Over at New York Magazine, Christopher Bonanos has a nice feature on the Strand:
Why is there still a Strand Book Store?
In large part because of Fred Bass. He’s pretty much the human analogue for the store’s gray column. His father, Ben, founded the Strand around the corner in 1927, and he was born in 1928. Ask him about his childhood, and he recalls going on buying trips on the subway with his father, hauling back bundles of books tied with rope that cut into his hands. (“Along the line, we got some handles.”) Ask him about the 1970s, and he’ll tell you about hiding cash in the store because it was too dangerous to go to the bank after dark. He’s 86, and he still makes buying trips, though mostly not by subway. “Part of my job is going out to look at estates — it’s a treasure hunt.” New York, to him, “is an incredible source — a highly educated group of people in a concentrated area, with universities and Wall Street wealth. The libraries are here.” Printed and bound ore, ready to be mined.
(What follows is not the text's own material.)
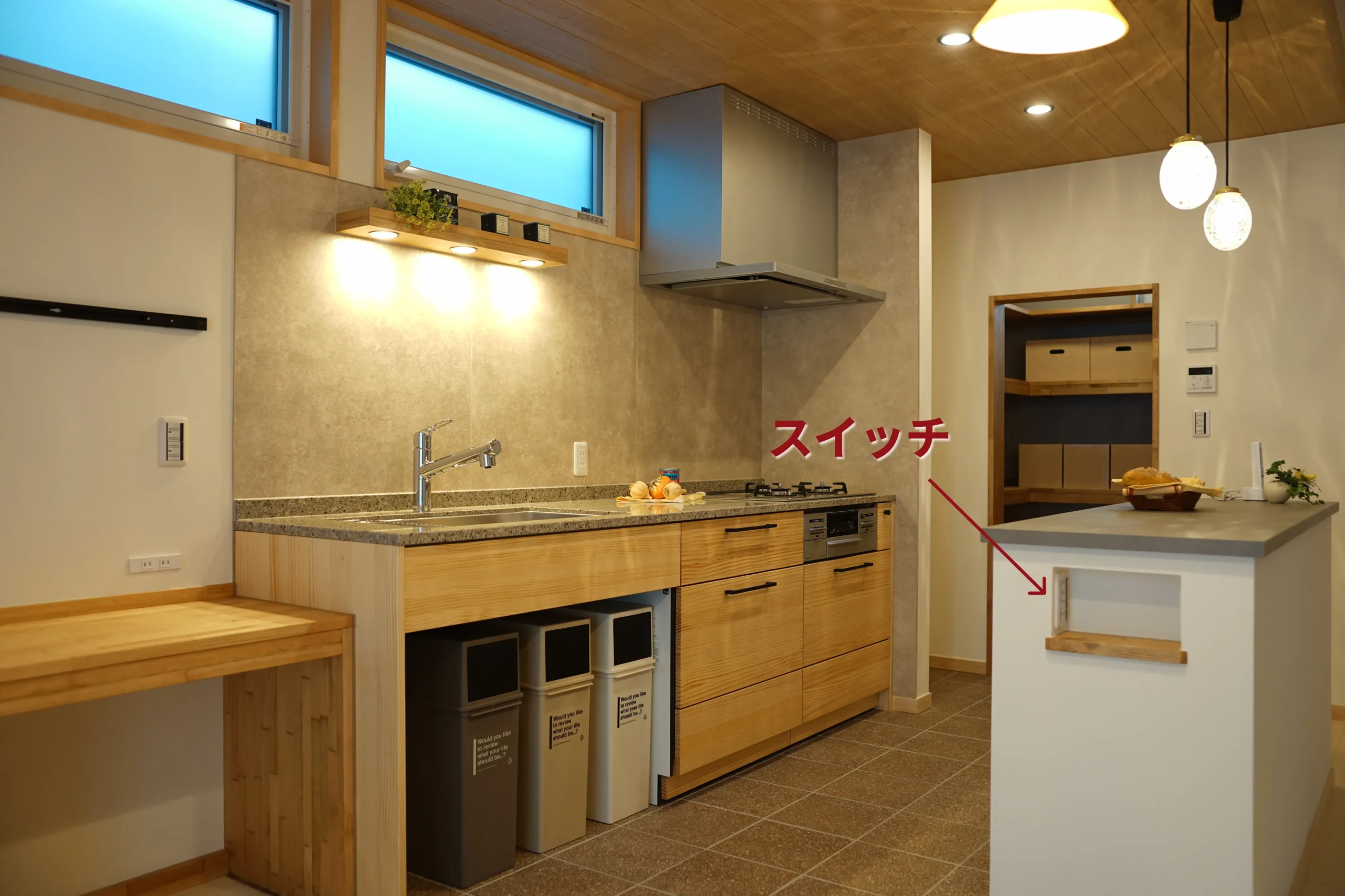 コンセントと照明スイッチも一体化しており、ダイニングテーブルを配置した場合にも非常に便利です。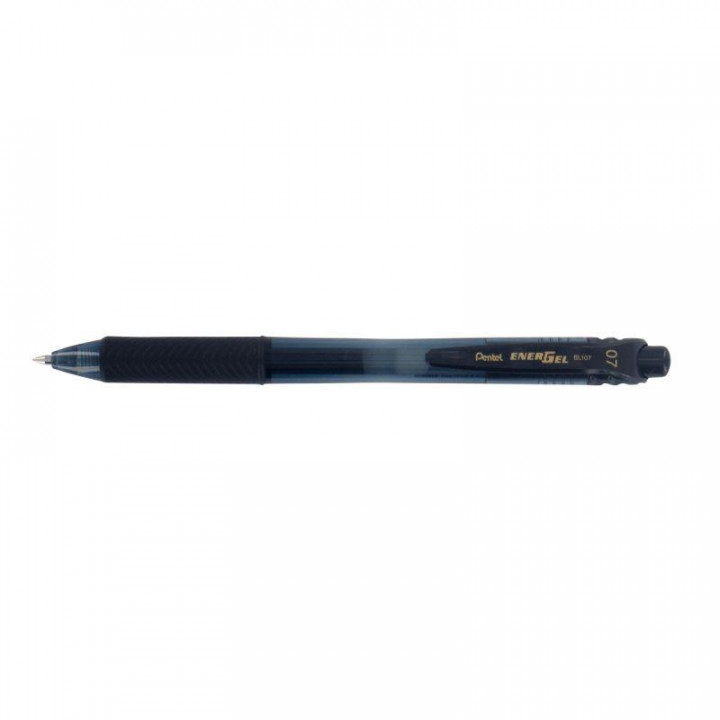 Stylo gel Energel BL107 noir. Séchage rapide sur le support, corps et attributs à la couleur de l'encre. Grip caoutchouc confort. Rétractable et rechargeable.

Four days a week, he’s on the main floor, working the book-buying desk in back. Stand there, and you’ll see the full gamut of New York readers. Critics and junior editors, selling recent releases. Academics. Weirdos. “Book scouts,” who pan for first-edition gold at yard sales and on Goodwill shelves. They walk in with heavy shopping bags and leave with a few $20s. Usually fewer than they’d hoped: The Strand rejects a lot, because unsalable books are deadweight. Whatever arrives has to go out quickly. “Our stock isn’t stale,” Bass says. “You come in, and there’ll be new stuff continually.” Slow sellers are culled, then marked down, then moved to the bargain racks outside, then finally sold in bulk for stage sets and the like.